Symptom surveys or screeners are not the same thing as a positive confirmation, but Tibshirani said symptom tracking can still be very useful. Determining whether a person has an ILI is important information right now since the majority of people with coronavirus show signs of fever, sore throat, and cough.

More surveillance that gathers ILI data, he said, could help fight the pandemic.

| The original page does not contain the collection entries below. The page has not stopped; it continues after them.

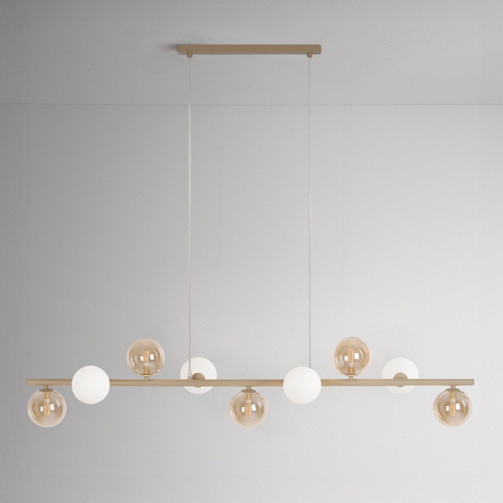 Lampa wisząca kule mleczne bursztynowe 9xG9 K-5848 z seri LEMO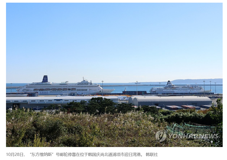 韩联社浦项10月28日电 2025年亚太经合组织(APEC)工商领导人峰会28日将在韩国庆尚北道庆州市开幕,用作与会工商领袖住宿设施的两艘大型邮轮当天上午驶入与庆州临近的浦项市迎日湾港。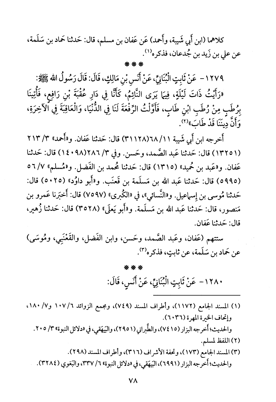 ستتهم (عفان، وعبد الصمد، وحسن، وابن الفضل، والقَعنَبي، وموسى) عن حماد بن سلمة، عن ثابت البُنَاني، فذكره (¬٢).
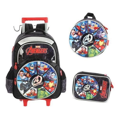 Esse lindo kit escolar avengers vai fazer sucesso entre a garotada. Esse modelo conta com 3 compartimentos e dois bolsos laterais para colocar a garrafa. Possui 2 rodinhas de silicone e 2 apoiadores frontais para mantê-la em pé.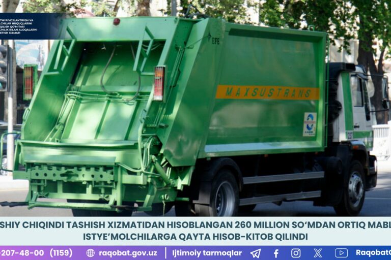 Iyun262024 MAISHIY CHIQINDI TASHISH XIZMATIDAN HISOBLANGAN 260 MILLION SO‘MDAN ORTIQ MABLAG‘ ISTYE’MOLCHILARGA QAYTA HISOB-KITOB QILINDI

“A national or international surveillance system at this point which is capturing that would be extremely useful,” he said. “Data privacy is of course one of the foremost issues people discuss today, and this is an unfortunate time for this to have been such a big issue, because there are real issues of privacy surrounding sharing of medical data. That being said, what we’ve seen in our group — and I think this is true across, probably, anybody who’s working on COVID modeling and forecasting — is that there’s been more movement and more accomplished in the last two weeks than I’ve seen in years in terms of data sharing.”

Big tech

Following a series of presentations on apps for tracking COVID-19, a moderator said a common question among participants was why data from big tech companies wasn’t being used to power more solutions.

The White House has had conversations with tech companies like Facebook and Google about data sharing, according to the Washington Post.

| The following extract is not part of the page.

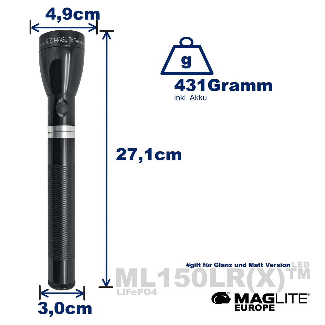 Diese Taschenlampe ist sehr gut für Militär, Polizei und private Haushalte geeignet. Das Set enthält eine ML125 Taschenlampe, ein tragbares Ladegerät, einen wiederaufladbaren NiMH-Akku und ein 230V Netzteil, alles mit einer 10-Jahres-Garantie. Das sind mehr als 4 Fußballfelder! Der ML125 wird als Set mit einem Akku und einem Ladegerät geliefert. Die wiederaufladbare LED-Taschenlampe ist mit einem SOS-Modus, einem "Power Save", ausgestattet, so dass die Taschenlampe nur 25% der normalen Lichtintensität verbraucht und somit auch umweltfreundlich und ein Blinkmodus ist Ntecore LED Taschenlampe Ntecore MT2A PRO LED-Taschenlampe mt bs zu Der Taschenlampenkorpus ist sowohl innen als auch außen eloxiert und bietet daher eine bessere Korrosionsbeständigkeit und Haltbarkeit. Auch diese MAGLITE® Taschenlampe wurde designed, patentiert und hergestellt in den U.S.A. Camping Lampe Fenix TK25Red Rote Und Weiße LED Taschenlampe Mit Bis Zu 1000 Lumen Taschenlampe 10000 Lumen - Leistungsangabe nach ANSI Standard Diese Lampe ist ideal für Profis und Outdoor-Enthusiasten und bietet eine zuverlässige und leistungsstarke Beleuchtungslösung für alle Situationen., - wiederaufladbare LED-Stablampe Die technischen Daten weisen eine Lichtintensität von 186 Lumen mit dem NiMH-Akku auf und bieten eine Laufzeit von etwa 30 Stunden bei geringer Intensität und 8,5 Stunden bei hoher Intensität, mit einer Leuchtweite von 258 Metern. Ntecore LED Taschenlampe Ntecore MT2A PRO LED-Taschenlampe mt bs zu... Die Maglite LED Taschenlampe ML125 mit wiederaufladbarem Akku ist ein bedeutender Fortschritt in der Taschenlampentechnologie und bietet hervorragende Leistungsmerkmale in einem robusten und eleganten Design. Sie wurde für vielseitige Anwendungen entwickelt und ist die erste wiederaufladbare LED von Maglite, die sowohl mit Standard-Alkalibatterien als auch mit umweltfreundlichen NiMH-Akkus betrieben werden kann. Robustes Design: Ultrastabil mit anodisierten Innen- und Außenflächen, wasserdicht und perfekt verarbeitet. Energievielseitigkeit: Funktioniert mit Alkalibatterien oder umweltfreundlichen und wirtschaftlichen NiMH-Akkus. Maglite fertigt seine patentierten Kühlkörpertechnologiekomponenten vor Ort in Ontario, Kalifornien. Unschlagbar ist aber die Möglichkeit seine eigene gewünschte Modi-Reihenfolge festzulegen (Auswahl aus 4 Folgen), den Activity Based Function Sets: Taschenlampenfeatures: Wähle zwischen 4 vorprogrammierten Funktionssätzen, um auf die für Dich beste Funktionsreihenfolge Zugreigen zu können ALLGEMEIN (General) OUTDOOR (Outdoor) POLIZEI (Law Enforcement) TAKTISCH (Tactical) Mit dem QuickClick® System kannst Du innerhalb des Funktionssatzes auf 3 von 5 verschiedenen Lichtprogrammen wählen: MOMENTAN (Momentary) MAX.

The Harvard University and Boston Children’s Hospital epidemiologist John Brownstein described numerous projects for real-time COVID-19 mapping that range from conversational bots that ask questions about COVID-19 symptoms to social media data mining. Research published in Science last month used location and movement data from Baidu to prove the effectiveness of social distancing. Boston Children’s Hospital is working with the CDC to understand the impact of social distancing and areas. There’s also Covid Near You, an adaptation of Flu Near You that asks people how they’re feeling every day to map people exhibiting COVID-19 symptoms. Since its launch last week, COVID Near You has been used more than 250,000 times, and was built with engineering time donated by Google, Facebook, and Airbnb.

Cooperation from tech companies is “great as I’ve ever seen at any point in time,” Brownstein said, but he added that they remain under the same privacy and data pressure they’ve faced in the past several years.

Brownstein called the idea of a national surveillance tracking app unlikely without federal government action.

“It would be hard to do some of the same types of app-based approaches that we saw in [South] Korea, Israel, and other places without really major federal support, and I think that’s where there’s potentially a little bit of a disconnect between what’s happening at the federal government level and what they’re trying to push in terms of an app-based contact tracing approach,” Brownstein said.

Tibshirani said he’s also working with Google on an ILI survey that’s collected about a million responses in the past week or so from people about how they’re feeling.

“I think it requires a giant like Google or another kind of really big tech company, and I think there are many others of these in the works to adopt one survey or mode of surveillance and just make it available to everybody. I think that would be really beneficial to the entire community and so we’re working on making that happen,” he said.

Researchers focused on epidemiological models described a sense of urgency to tweak and adapt models before communities in the southern hemisphere see a rise in cases as they enter fall and winter seasons. Scholars with opinions on all sides of the surveillance spectrum also described some optimism about cooperation happening between academic journals, businesses, and researchers in response to COVID-19.